Fourth, resources grow and mature. Most resources are initially built because of prospective interest. Either creation and initial maintenance of the resource is not funded at all or it is part of a funded project that uses the resource as means of communication between the project partners. When the resource proves sufficiently interesting to third parties, a growth stage sets in. The technical infrastructure is consolidated and access to the resource is improved. Data are added and a quality assessment procedure is put in place. When third parties continue to be interested in the resource, the third stage, maturity, sets in. Maturity may be accompanied by the incorporation of the resource in the service portfolio of an institute or company, either existing or created specifically around the resource. To repeat what we said earlier, no resource can survive without income. (If income is not visible, this can only mean that it is hidden by incomplete or inaccurate accounting.) Therefore, each of the three steps we have identified may end with continuation or not. Ideally, quality and scope are the factors that determine survival but in reality, of course, other factors play a role that in some circumstances may be more important than quality and scope.

Considering these four major issues and the current EU policies and funding mechanisms, the model that has users pay was judged an alternative to the current situation that merits serious consideration. Users' costs can be covered by including a sum for use of the resource on the budget of funding proposals. The EU and other funding bodies may promote this. This would also make it possible to have resources maintained by commercial publishers (Elsevier, Wiley) or semi-commercial publishers (such as learned societies), who have far more experience in cost-effective web resource offering than academic groups.
However, if users are prepared to pay at all, they will normally be prepared to pay for mature resources only. It thus turns out that a resource is at its most vulnerable in the growth stage. This is the stage in which funding bodies play a decisive role. They might design guidelines that take issues such as viability, scientific quality, scope of the resource, size of the intended audience, and other factors into consideration. A discussion about these matters would be helped enormously if there were some kind of business model that also outlines the long-term perspectives of the resource.

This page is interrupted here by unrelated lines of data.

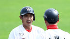 [OSEN=오키나와(일본), 민경훈 기자] 28일 일본 오키나와 구시가와 구장에서 SK 와이번스와 롯데 자이언츠의 연습경기가 열렸다. 4회말 1사 주자 1루 SK 이현석이 중견수 뒤 2루타를 날린 후 2루에서 박재상 코치와 하이파이브를 하
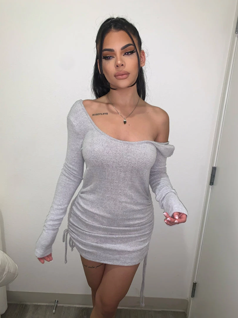 ~Dress made from soft fitted material with adjustable side drawstring detail, Dress goes great with a cropped jacket and heelsÂ
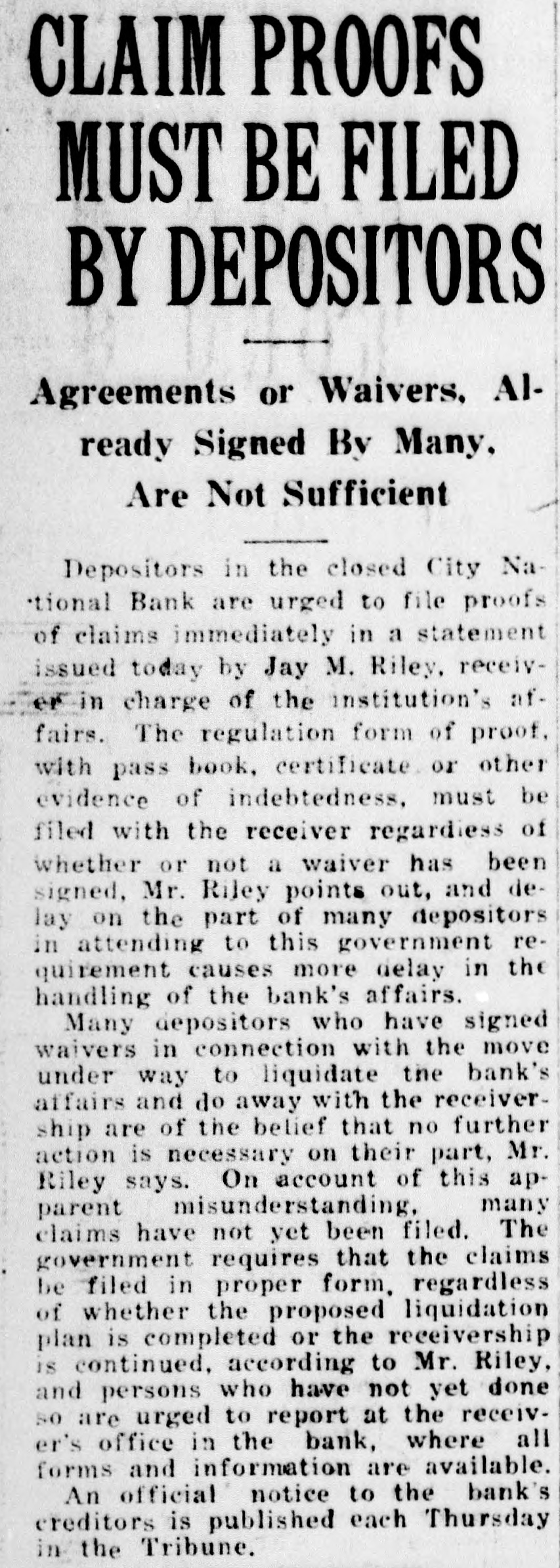 CLAIM PROOFS MUST BE FILED BY DEPOSITORS Agreements or Waivers, Already Signed By Many, Are Not Sufficient Depositors in the closed City National Bank are urged to file proofs of claims immediately in a statement issued today by Jay M. Riley, receiver in charge of the institution's affairs. The regulation form of proof, with pass book, certificate or other evidence of indebtedness, must be filed with the receiver regardiess of whether or not a waiver has been signed, Mr. Riley points out, and delay on the part of many depositors in attending to this government requirement causes more delay in the handling of the bank's affairs. Many depositors who have signed waivers in connection with the move under way to liquidate the bank's affairs and do away with the receivership are of the belief that no further action is necessary on their part, Mr. Riley says. On account of this apparent misunderstanding, many claims have not yet been filed. The government requires that the claims be filed in proper form, regardless of whether the proposed liquidation plan is completed or the receivership is continued, according to Mr. Riley, and persons who have not yet done so are urged to report at the receiver's office in the bank, where all forms and information are available. An official notice to the bank's creditors is published each Thursday in the Tribune.
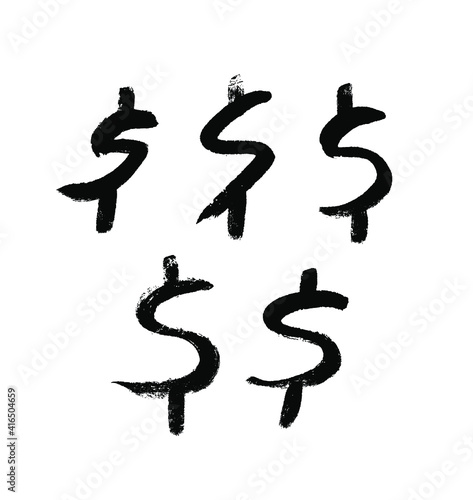 © pomolchim, Naklejka premium Paint drawing set of black Dollar symbol on white background. Hand drawn abstract illustration grunge elements. Vector abstract objects for design
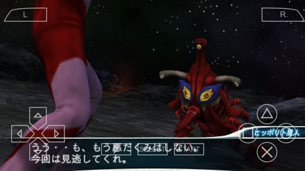 在神户港与帝国星人对战。开始后使用精神,同时帝国星人也会加能量。当四次精神用完后,就与之搏斗,大会因抵挡不住导致动作会减慢。这时你就可以猛揍他了,把他干掉,佐菲被救回。
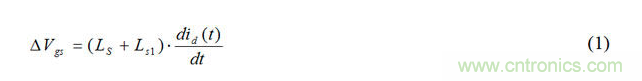 在諧振條件(ωL = 1/ωC)下,柵極和源極 電壓中生成的震蕩電壓遠大于驅動電壓。因諧振變化而產生的電壓振蕩與品質因數(shù)成正比, Q(=ωL/R = 1/ωCR)。當MOSFET關閉時,漏極寄生電感(LD + Ld1)、柵極-漏極電容Cgd和柵極引線電感Lg1網絡造成柵極 振蕩電壓。如果柵極電阻 (RG-ext.+Rg_int.)極小,則Q變大。另外,LS兩端的壓降和Ls1源極雜散電感在柵極-源極電壓中產生振蕩,可用表達式(1)表示。寄生振蕩可能造成柵源極擊穿、不良EMI、較大開關損耗、柵極控制失效,甚至可能造成MOSFET故障。
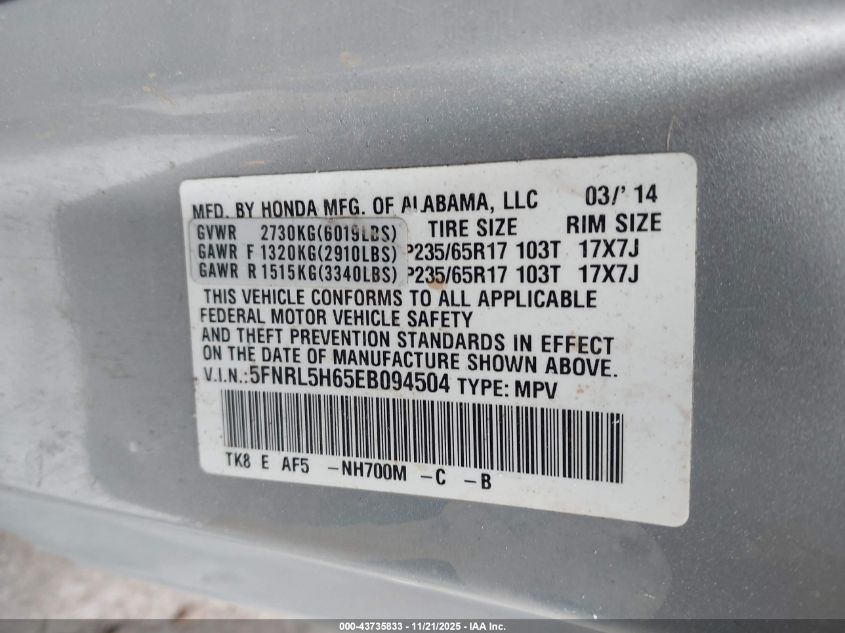 Цвет СеребряныйЦилиндры 6Привод Передний приводVIN 5FNRL5H65EB094504Состояние СтационарноПовреждения По бокам AutoRIA
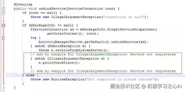 `public class ContextWrapper extends Context { ... ... @Override public void unbindService(ServiceConnection conn) { try { mBase.unbindService(conn); } catch (IllegalArgumentException e) { //com.google.android.gms.ui Service not registered Crash android.util.Log.e("wjwj","---ContextWrapper GMS Crash---"); e.printStackTrace(); } } ... ... }`
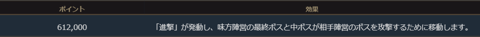 陣営ポイントが612,000になると「進撃」が発動し、味方陣営の最終ボスが相手陣営の最終ボスを倒しに移動します。
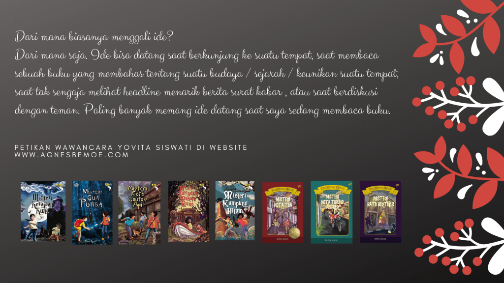 Beberapa waktu lalu, Kak Agnes Bemoe mengutarakan niat untuk mewawancarai saya, terutama terkait aktivitas saya dalam menulis novel-novel seri misteri favorit, dan menuliskannya di dalam blognya : www.agnesbemoe.com Tentu saja, saya setuju dan feel honored karena siapalah saya ini. Karena kebaikan hati Kak Agnes, artikel wawancara itu akhirnya terbit dengan judul : Most Inspiring Fellow Author [MIFA]: Yovita Siswati: Dari Tangerang untuk Anak Indonesia
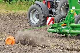 Hydraulikzylinder bringen die Spuranreißer der D9 „Combi“ von der Arbeitsstellung in die senkrechte Ruheposition. Somit kann an Feldrändern gesät oder an Hindernissen vorbeigefahren werden. Beim Umschalten der Spuranreißer zählt die Fahrgassenschaltung weiter, um im gewünschten Rhythmus Fahrgassen anzulegen. Die Spuranreißer sind durch Scherbolzen gegen Beschädigung gesichert.
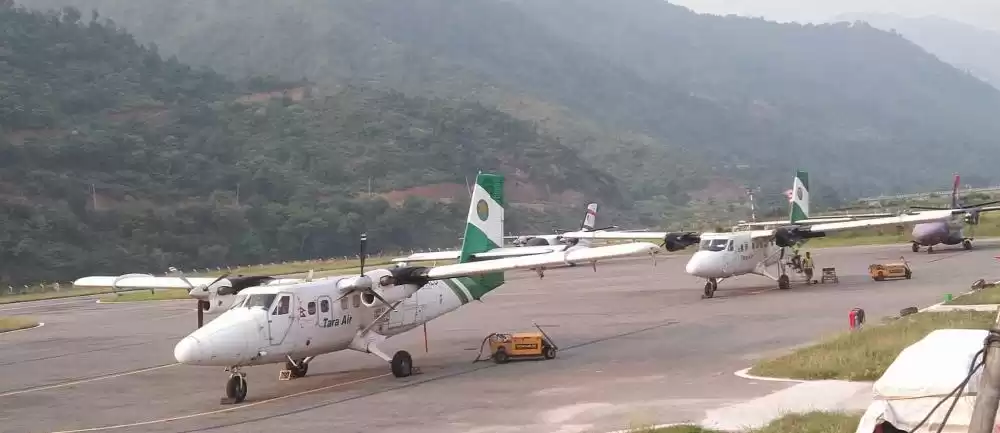 सोलुखुम्बुको लुक्ला विमानस्थलमा पर्यटक ओसार्ने विमान कहिलेकाहीँ फाप्लुको मौसम खुलेपछि त्यहाँ अवतरण गर्ने प्राधिकरण प्रमुख आशोक थापाले बती ।
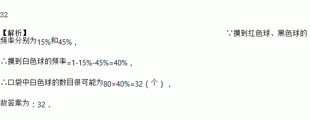 在一个透明的布袋中,红色、黑色、白色的玻璃球共有80个,它们除颜色外其他完全相同,小李通过多次摸球试验后,发现其中摸到红色球、黑色球的频率分别为15%和45%,则口袋中白色球的数目很可能是________个.
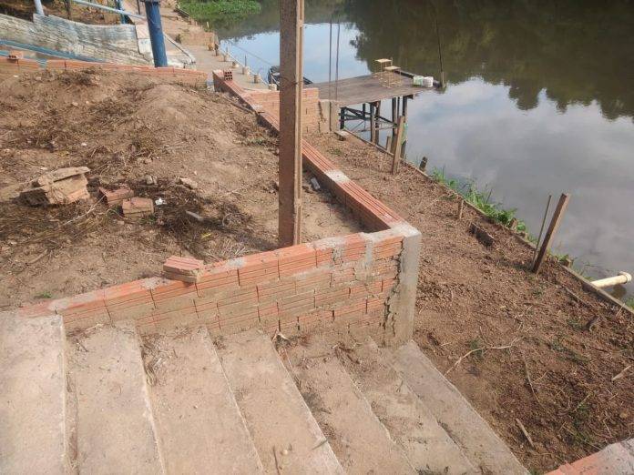 Na terça-feira (8), os policiais militares ambientais cabo Fernando e soldado Ezequiel, estiveram no bairro Cascata em Araras (SP), em atendimento à denúncia sendo constatada intervenção em Área de Preservação Permanente, mediante a construção de escada e muro às margens do rio Mogi Guaçu.
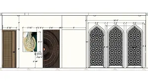 Image of the dining area & living area decorative wall cnc jali cutting design another view 2d dimensions
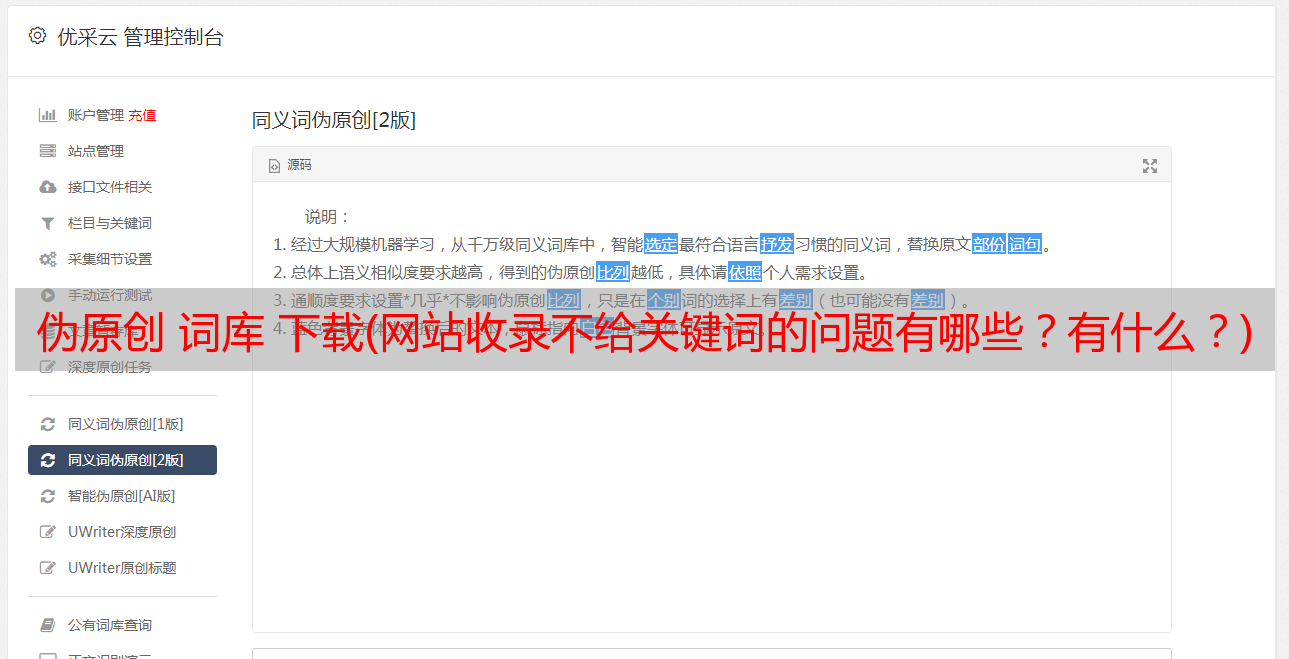 伪原创 词库 下载(网站收录不给关键词的问题有哪些?有什么?)
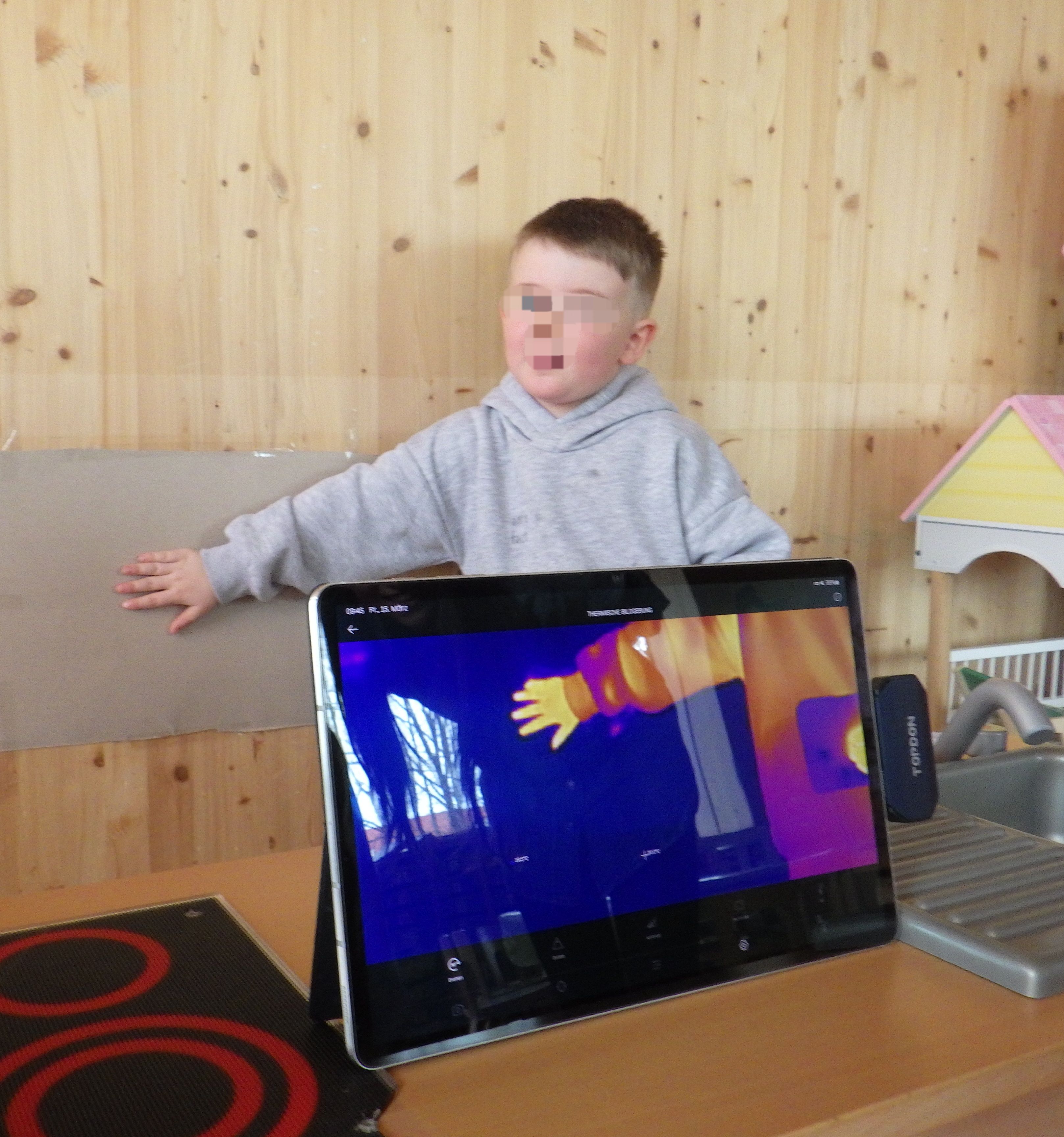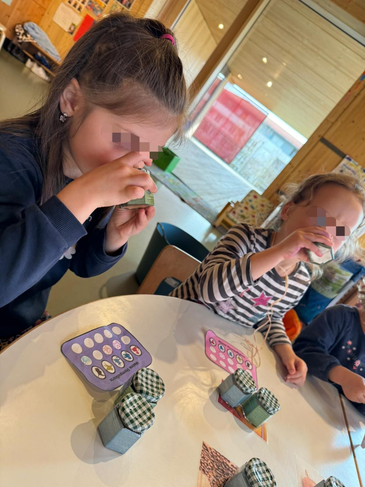 Zum Jahresthema “Unsere Sinne” konnten die Kindergartenkinder lernen, dass Farben bei unterschiedlichem Licht ganz anders erscheinen. Es gab Geräusche und Gerüche zu erkennen, optische Täuschungen anzusehen und die Möglichkeit einen Handabdruck an der Wand mit einer Wärmebildkamera sichtbar zu machen, obwohl das bloße Auge die Hand an der Wand schon nicht mehr sehen konnte. Die Kinder konnten ein einfaches Kaleidoskop aus einer Pappröhre und Klarsichtfolie basteln und haben verschiedene Oberflächen auf einem "Barfußparcours" gefühlt. Ausserdem konnten sie die Klänge von unterschiedlich gefüllten Gläsern anhören und vergleichen.
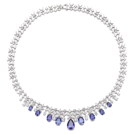 Pear Shape Tanzanite And White Cubic Zircon Rhodium Silver Necklace
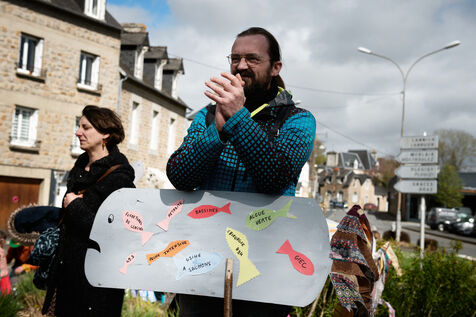 Carnaval évoquant les luttes locales : éoliennes offshore, usine à saumons, algues vertes ... mais aussi les méga-bassines de Sainte Soline.
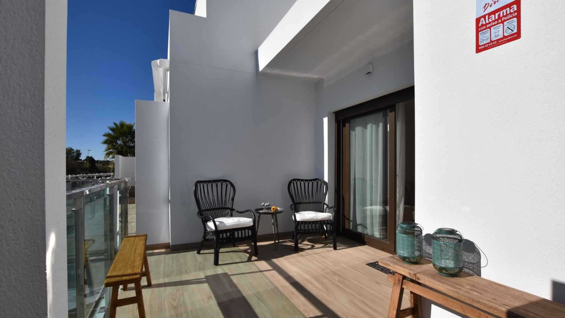 This Spacious and very nicely presented, contemporary style two bedroom, two bathroom penthouse apartment is located in the popular area of Entre Naranjos, Vistabella Golf on the Costa Blanca South. Within easy walking distance you will find a wide range of bars and restaurants including; a pharmacy, supermarket, golf course, club house, driving range, tennis courts and much more ... The towns of Torremendo and Los Montesinos are just a short drive away and the popular coastal resorts of the Orihuela Costa such as; Playa Flamenca, La Zenia and Cabo Roig are also only a 20 minute drive away each with their own amenities and lovely sandy beaches. For the keen golfer you also have some other fabulous golf courses nearby such as; Las Colinas, La Marquesa, La Finca, Campoamor, Las Ramblas and Villamartin.
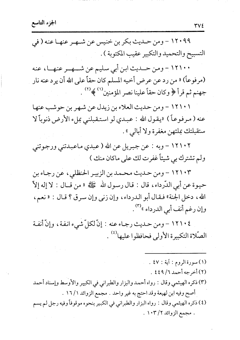 12100 - ومن حديث ابن أبى سليم عن شهر عنها، عنه (مرفوعًا) «من رد عن عرض أخيه المسلم كان حقًا على الله أن يرد عنه نار جهنم ثم قرأ {وَكَانَ حَقّاً عَلَيْنَا نَصْرُ الْمُؤْمِنِينَ} (¬1) » (¬2) .
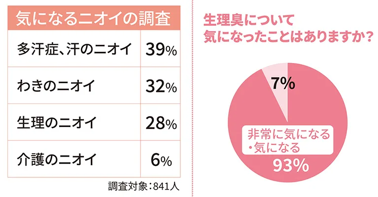 なかでもデリケートゾーンのニオイに関しては、なかなか他人へ相談しにくいですよね。 P&Gが行ったアンケートによると、3割近い女性が汗やわきのニオイなどと同様に、生理中のニオイが気になったことがあるという回答が多くありました。

For any alternative to the current situation one may envisage, it is urgent that explicit business models are drawn up by resource providers. It would be nice if a platform were created for resource providers to share experiences and help each other with business models. As we have seen, resource providers themselves are heavy users of resources. Sustainability thus certainly constitutes a shared interest. Business models can serve as concrete anchors for a discussion between stakeholders about the future of the resources.